=== Data provided ===

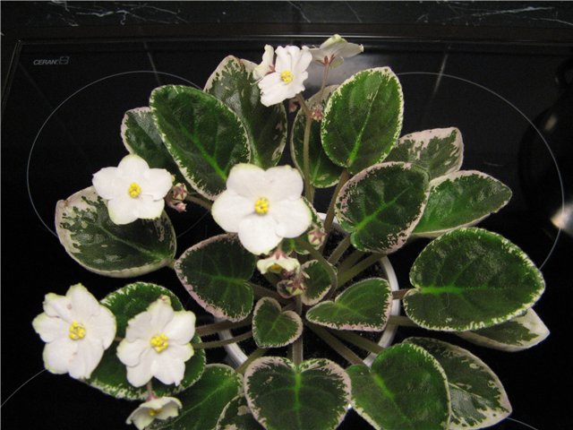Розетка вымахала большая, пестролистность на листьях красивая, а вот цветочки у меня не очень.
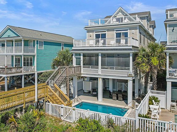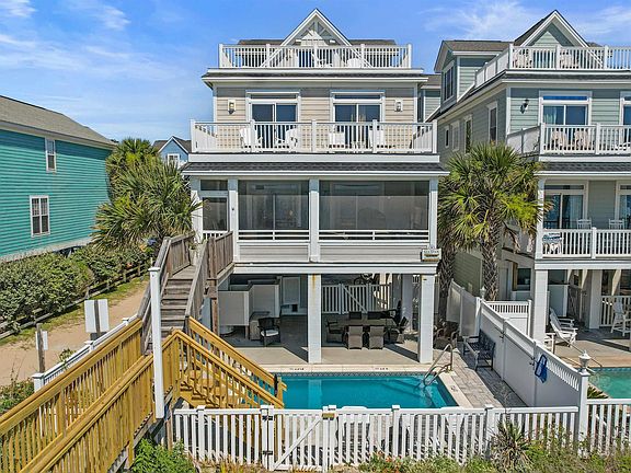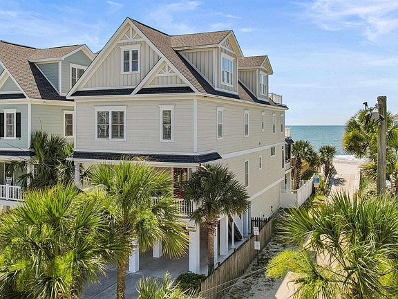 Welcome to ‘Washed Ashore’ perched oceanfront on the desirable Surfside Beach. Enjoy endless views of the Atlantic Ocean from this 7-bedroom, 7.5-bathroom custom-built home. Superior quality finishes and features are appointed throughout the home, including but not limited to 9-feet ceiling height on every level, wainscotting, solid core doors, Australian Cypress hardwood floors on first floor, wide plank White Oak floors on upper levels, granite vanities, plantation shutters, Emtek door hardware, gas fireplace, wet bar with wine cooler and ice maker, dual laundry closets with full-size washers and dryers. There is a gourmet kitchen equipped with a gas cooktop, double ovens (one gas, one electric), GE Monogram stainless steel appliances, butcherblock top work island, Zimbabwe brushed black granite countertops, and a large breakfast bar. Every bedroom of the home has a private bathroom and three located on the 2nd and 3rd floors are oceanfront with access to balconies that have expansive beach and ocean views. An elevator from ground floor to two upper levels makes for easy access, additionally, the first-floor ensuite bedroom offers a zero-entry handicap-accessible shower. The interior has been lavishly decorated with coastal-themed fine art, colors, and furnishings – all of which will convey with the sale. Bedding arrangements to comfortably accommodate 18 guests. All of the preferred exterior amenities of a beachfront property are also featured inclusive of a screened oceanfront porch, private heated outdoor pool with stone paver decking, private direct beach access walkway, enclosed outdoor shower, and attached golf cart storage room. This property is enrolled in a vacation rental program with a successful history of repeat renters that produces strong annual rental income. To view this unique property, call today to schedule a private showing.
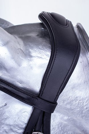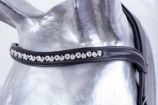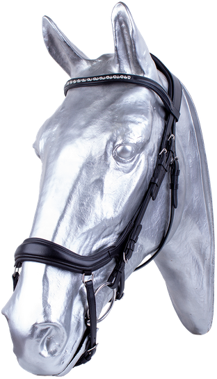 Anatomická uzdečka s tvarovaným nánosníkem, který minimalizuje tlak na hlavní obličejové nervy. Extra vypodložený nátylník eliminuje tlak na krční a šíjové svaly a umožňuje větší volnost pro pohyb uší, zdobená čelenka krystaly dodává uzdečce eleganstní vzhled. Dodáváno včetně plátěných otěží se zarážkami.
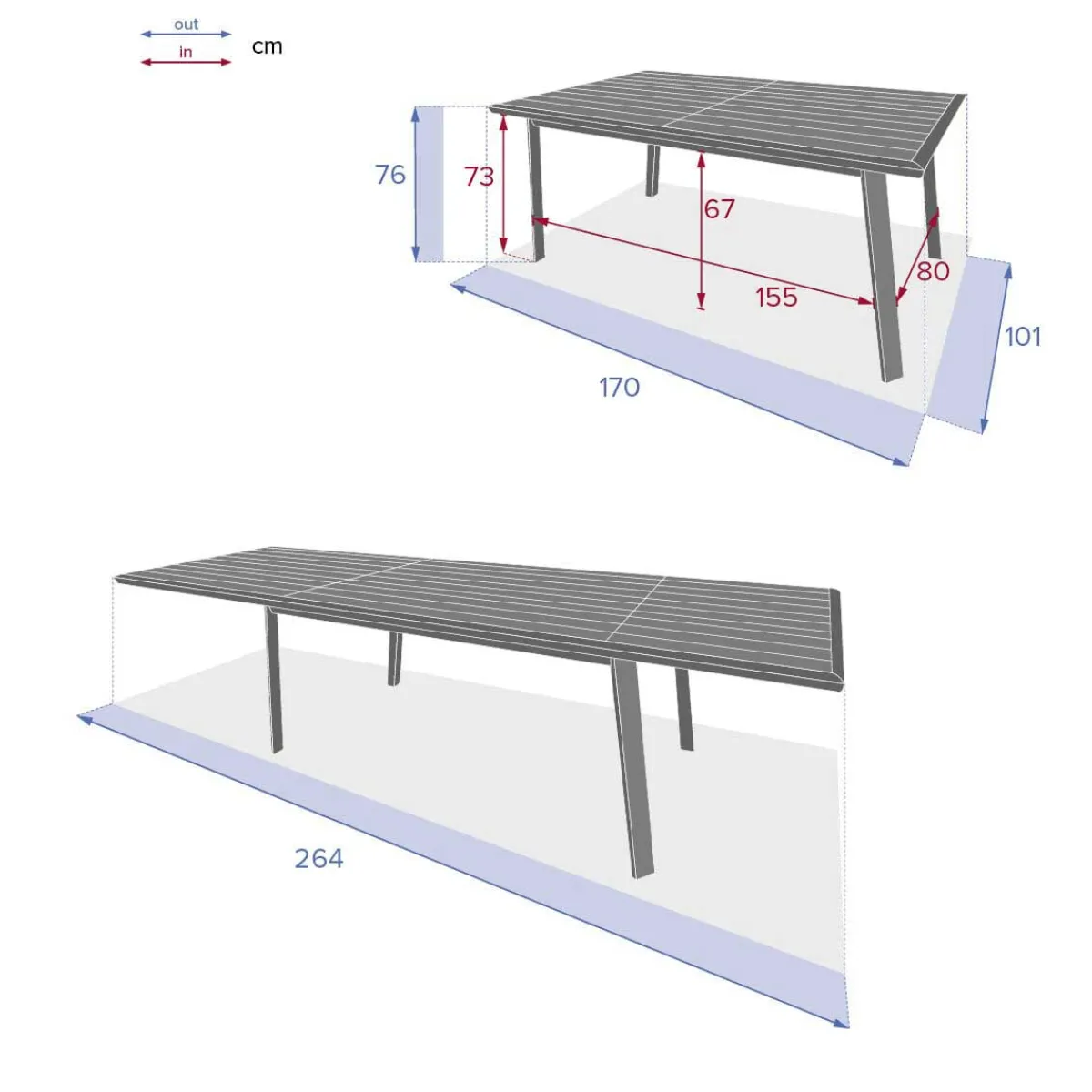Mesa extensible PAVANE gris graphite 170-264cm | Hasta 10 plazas | Listones de Aluminio | Longitud de Extensión: 94cm | Estructura tratada con epoxi. Producto tratado contra la decoloración. Gracias a su extensión en forma de mariposa, la mesa se adapta al número de comensales descrito previamente. Las patas de la mesa son ajustables para compensar las irregularidades del suelo y proporcionar una mayor estabilidad. Para una mayor armonía, combina este producto con los de la gama Pavane | Color: Gris Grafito | Medidas: 76x101x170-264cm | Material: Aluminio | Marca: Hespéride

===

Action item | For this answer, retype the lines from the start of the listing through the line that holds "Anatomická uzdečka s", inclusive, exactly and without pictures.

Result of the exercise |
Розетка вымахала большая, пестролистность на листьях красивая, а вот цветочки у меня не очень.
 Welcome to ‘Washed Ashore’ perched oceanfront on the desirable Surfside Beach. Enjoy endless views of the Atlantic Ocean from this 7-bedroom, 7.5-bathroom custom-built home. Superior quality finishes and features are appointed throughout the home, including but not limited to 9-feet ceiling height on every level, wainscotting, solid core doors, Australian Cypress hardwood floors on first floor, wide plank White Oak floors on upper levels, granite vanities, plantation shutters, Emtek door hardware, gas fireplace, wet bar with wine cooler and ice maker, dual laundry closets with full-size washers and dryers. There is a gourmet kitchen equipped with a gas cooktop, double ovens (one gas, one electric), GE Monogram stainless steel appliances, butcherblock top work island, Zimbabwe brushed black granite countertops, and a large breakfast bar. Every bedroom of the home has a private bathroom and three located on the 2nd and 3rd floors are oceanfront with access to balconies that have expansive beach and ocean views. An elevator from ground floor to two upper levels makes for easy access, additionally, the first-floor ensuite bedroom offers a zero-entry handicap-accessible shower. The interior has been lavishly decorated with coastal-themed fine art, colors, and furnishings – all of which will convey with the sale. Bedding arrangements to comfortably accommodate 18 guests. All of the preferred exterior amenities of a beachfront property are also featured inclusive of a screened oceanfront porch, private heated outdoor pool with stone paver decking, private direct beach access walkway, enclosed outdoor shower, and attached golf cart storage room. This property is enrolled in a vacation rental program with a successful history of repeat renters that produces strong annual rental income. To view this unique property, call today to schedule a private showing.
 Anatomická uzdečka s tvarovaným nánosníkem, který minimalizuje tlak na hlavní obličejové nervy. Extra vypodložený nátylník eliminuje tlak na krční a šíjové svaly a umožňuje větší volnost pro pohyb uší, zdobená čelenka krystaly dodává uzdečce eleganstní vzhled. Dodáváno včetně plátěných otěží se zarážkami.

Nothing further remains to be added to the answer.